### [Exercise directions]
No pictures should be carried over. Output all other parts of the entries verbatim.
Top of Exercise materials
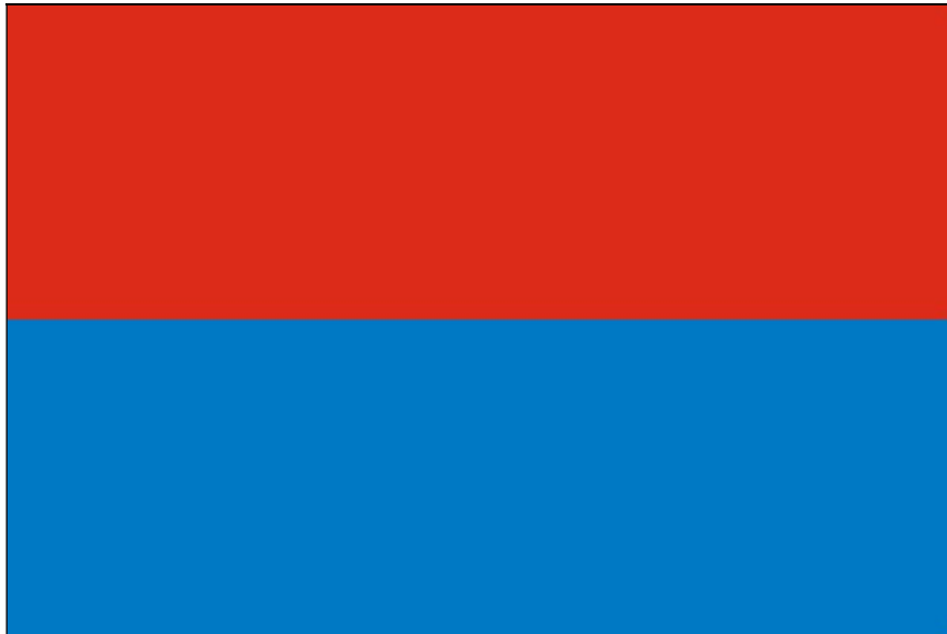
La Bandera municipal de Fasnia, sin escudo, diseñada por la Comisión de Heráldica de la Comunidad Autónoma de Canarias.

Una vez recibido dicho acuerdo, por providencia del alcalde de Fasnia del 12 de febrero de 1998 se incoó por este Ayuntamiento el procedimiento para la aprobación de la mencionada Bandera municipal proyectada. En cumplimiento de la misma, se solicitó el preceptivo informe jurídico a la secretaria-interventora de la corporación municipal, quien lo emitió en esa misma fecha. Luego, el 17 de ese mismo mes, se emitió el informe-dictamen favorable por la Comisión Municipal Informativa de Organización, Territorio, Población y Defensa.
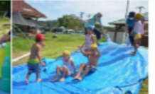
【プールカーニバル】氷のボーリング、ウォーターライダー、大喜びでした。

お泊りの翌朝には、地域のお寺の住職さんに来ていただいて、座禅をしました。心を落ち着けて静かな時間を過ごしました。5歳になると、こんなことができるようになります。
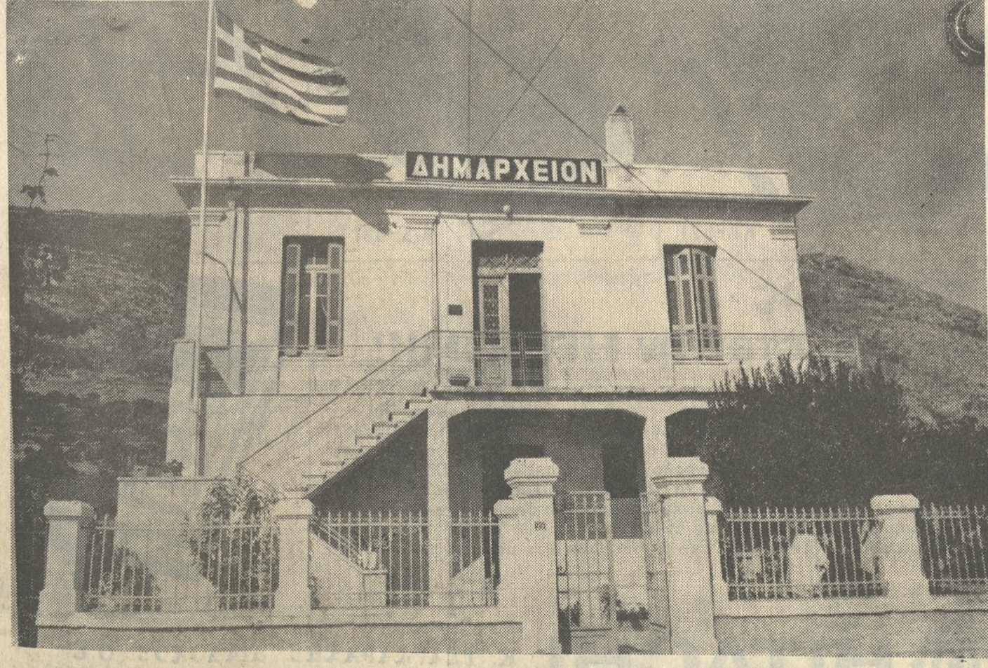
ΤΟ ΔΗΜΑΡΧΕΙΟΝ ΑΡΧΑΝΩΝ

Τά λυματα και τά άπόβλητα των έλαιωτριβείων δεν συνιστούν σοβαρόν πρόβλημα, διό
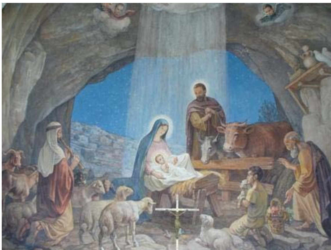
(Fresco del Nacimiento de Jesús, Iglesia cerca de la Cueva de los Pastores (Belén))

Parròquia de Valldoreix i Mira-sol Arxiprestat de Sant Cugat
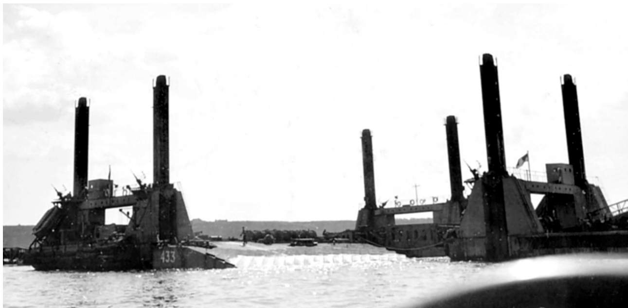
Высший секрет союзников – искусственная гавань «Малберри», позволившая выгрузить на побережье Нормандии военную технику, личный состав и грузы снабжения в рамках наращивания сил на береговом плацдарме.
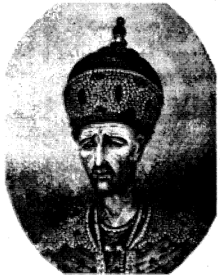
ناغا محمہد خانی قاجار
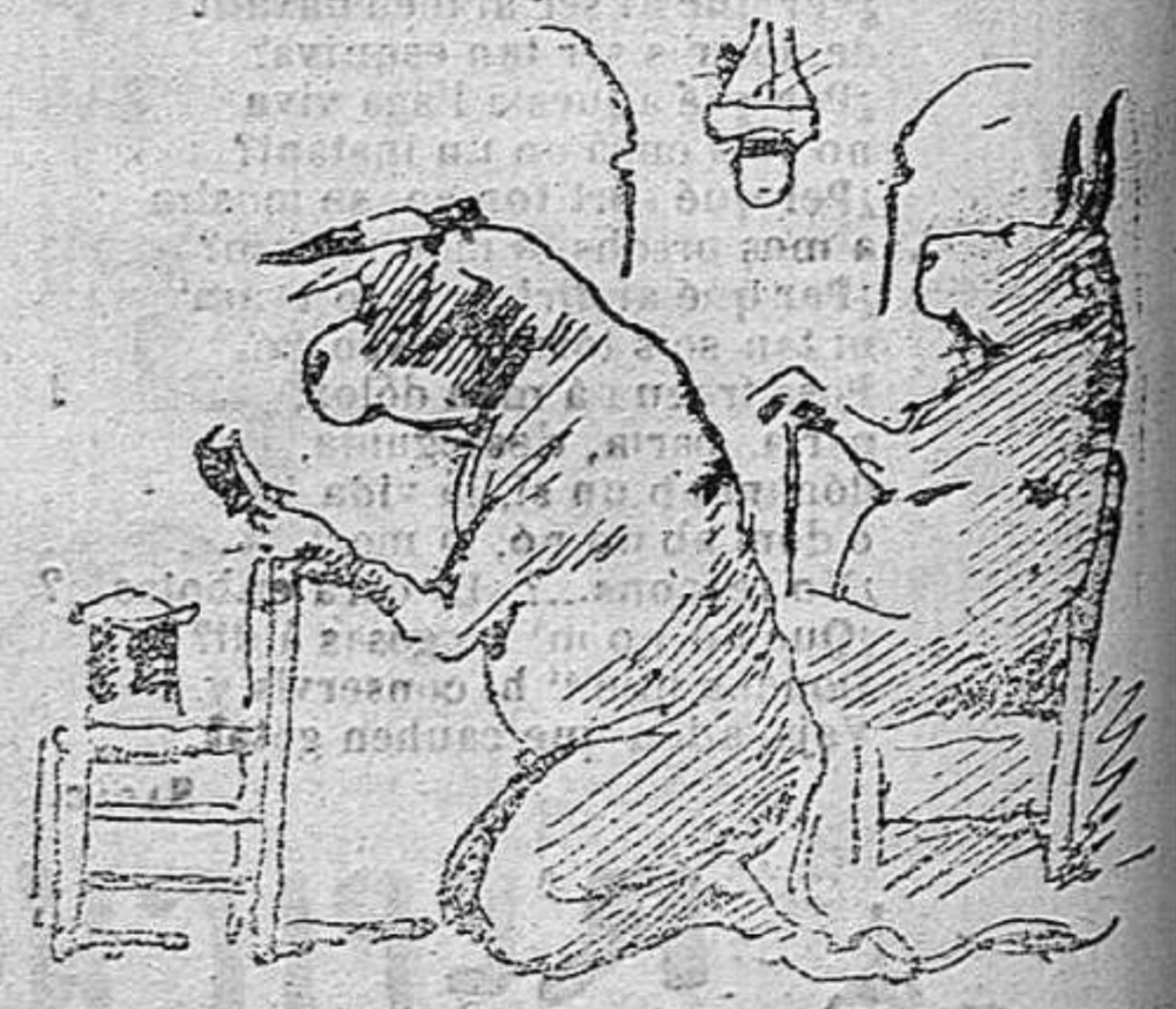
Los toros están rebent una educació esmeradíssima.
Bottom of Exercise materials
### [Solution to this exercise]
La Bandera municipal de Fasnia, sin escudo, diseñada por la Comisión de Heráldica de la Comunidad Autónoma de Canarias.

Una vez recibido dicho acuerdo, por providencia del alcalde de Fasnia del 12 de febrero de 1998 se incoó por este Ayuntamiento el procedimiento para la aprobación de la mencionada Bandera municipal proyectada. En cumplimiento de la misma, se solicitó el preceptivo informe jurídico a la secretaria-interventora de la corporación municipal, quien lo emitió en esa misma fecha. Luego, el 17 de ese mismo mes, se emitió el informe-dictamen favorable por la Comisión Municipal Informativa de Organización, Territorio, Población y Defensa.
【プールカーニバル】氷のボーリング、ウォーターライダー、大喜びでした。

お泊りの翌朝には、地域のお寺の住職さんに来ていただいて、座禅をしました。心を落ち着けて静かな時間を過ごしました。5歳になると、こんなことができるようになります。
ΤΟ ΔΗΜΑΡΧΕΙΟΝ ΑΡΧΑΝΩΝ

Τά λυματα και τά άπόβλητα των έλαιωτριβείων δεν συνιστούν σοβαρόν πρόβλημα, διό
(Fresco del Nacimiento de Jesús, Iglesia cerca de la Cueva de los Pastores (Belén))

Parròquia de Valldoreix i Mira-sol Arxiprestat de Sant Cugat
Высший секрет союзников – искусственная гавань «Малберри», позволившая выгрузить на побережье Нормандии военную технику, личный состав и грузы снабжения в рамках наращивания сил на береговом плацдарме.
ناغا محمہد خانی قاجار
Los toros están rebent una educació esmeradíssima.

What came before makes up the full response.